● **Dataset content**:
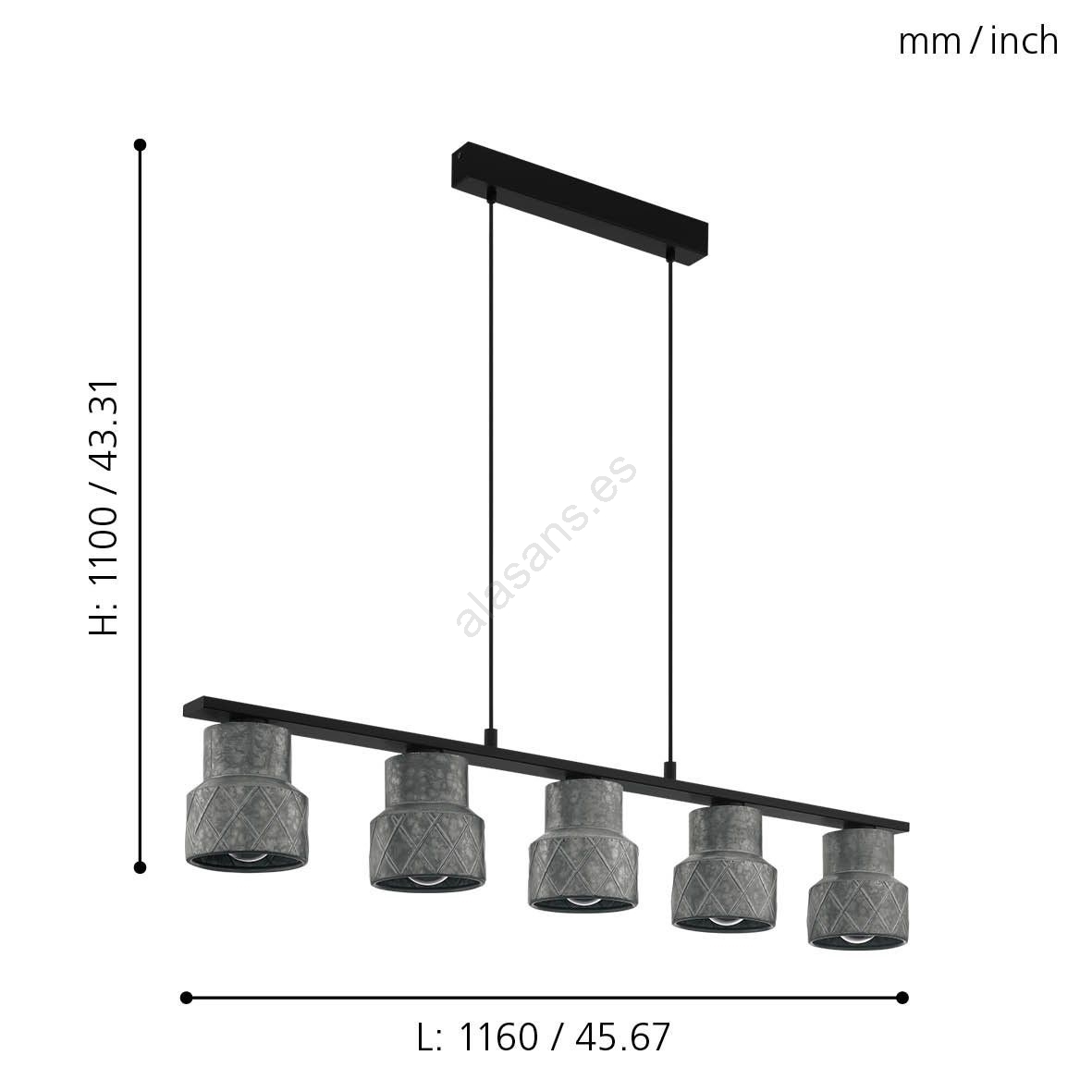 Eglo 39855 - Lámpara colgante con cable HILCOTT 5xE27/40W/230V
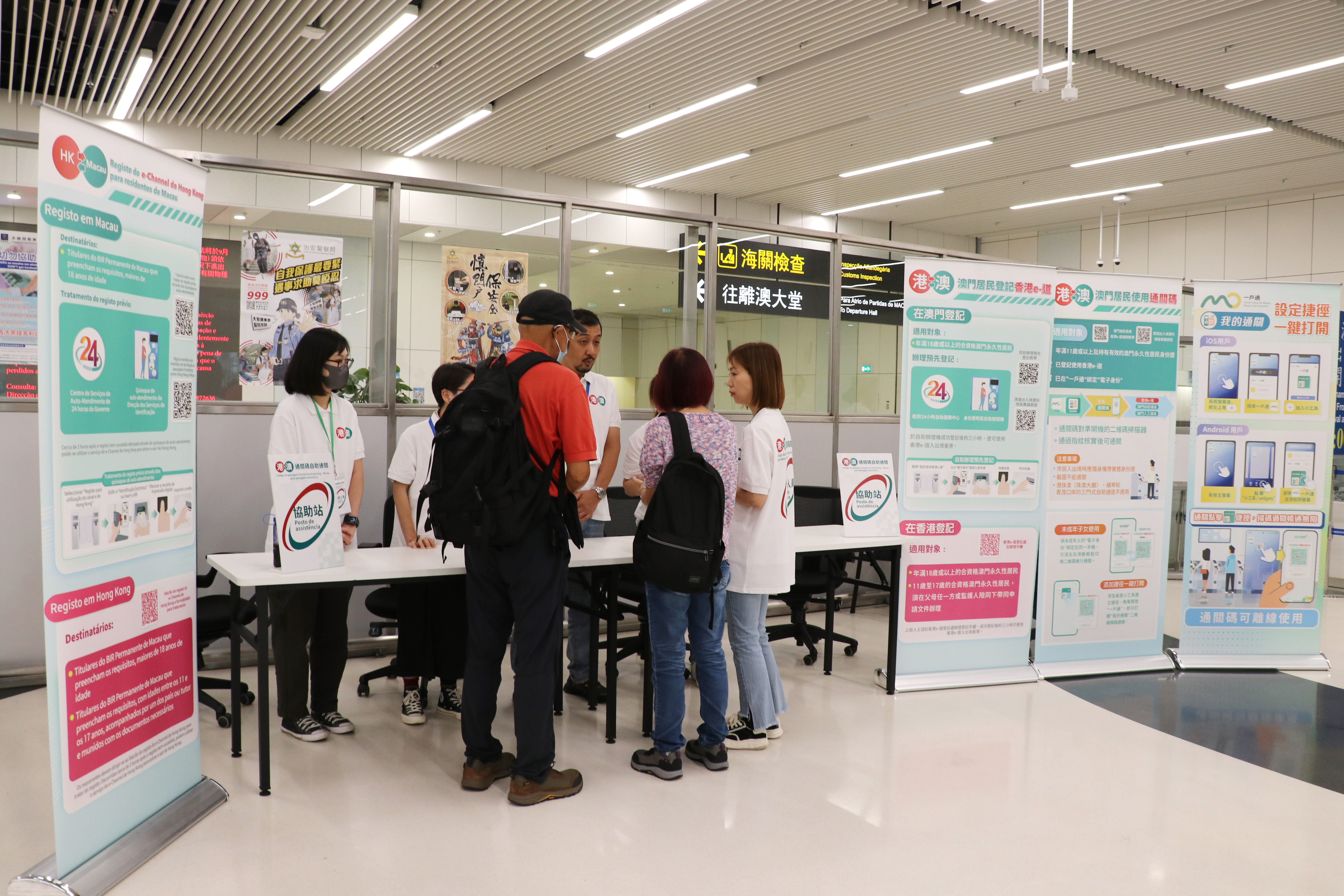 為協助居民生成“港澳通關二維碼”通關,身份證明局、行政公職局及市政署在“港澳通關二維碼”生效初期,於港珠澳大橋澳門口岸、外港客運碼頭及氹仔客運碼頭三個出入口岸設置“港澳通關二維碼”協助站,着力推廣“港澳通關二維碼”在口岸通關上的應用。如居民在使用“港澳通關二維碼”通關時需要協助,歡迎到上述協助站查詢。
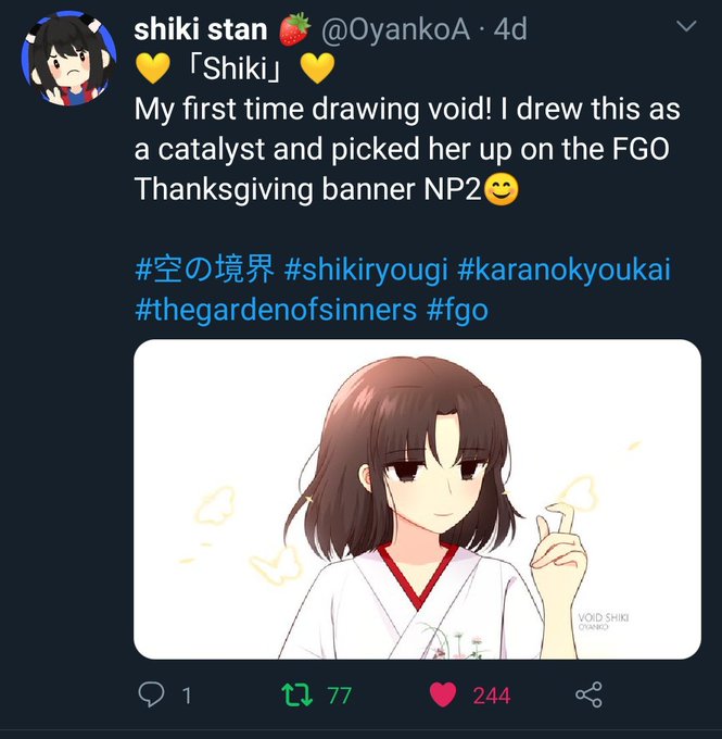 Go and follow @OyankoA they do Shiki art which is already a win in my book and it looks really nice. Any fellow Shiki artists are some of my favorite artists instantly so yeah. As a fellow Shiki artist, I want to help you out.

● **Work to be completed**: Print the listing exactly, images excluded.

● **Output for this exercise**:
 Eglo 39855 - Lámpara colgante con cable HILCOTT 5xE27/40W/230V
 為協助居民生成“港澳通關二維碼”通關,身份證明局、行政公職局及市政署在“港澳通關二維碼”生效初期,於港珠澳大橋澳門口岸、外港客運碼頭及氹仔客運碼頭三個出入口岸設置“港澳通關二維碼”協助站,着力推廣“港澳通關二維碼”在口岸通關上的應用。如居民在使用“港澳通關二維碼”通關時需要協助,歡迎到上述協助站查詢。
 Go and follow @OyankoA they do Shiki art which is already a win in my book and it looks really nice. Any fellow Shiki artists are some of my favorite artists instantly so yeah. As a fellow Shiki artist, I want to help you out.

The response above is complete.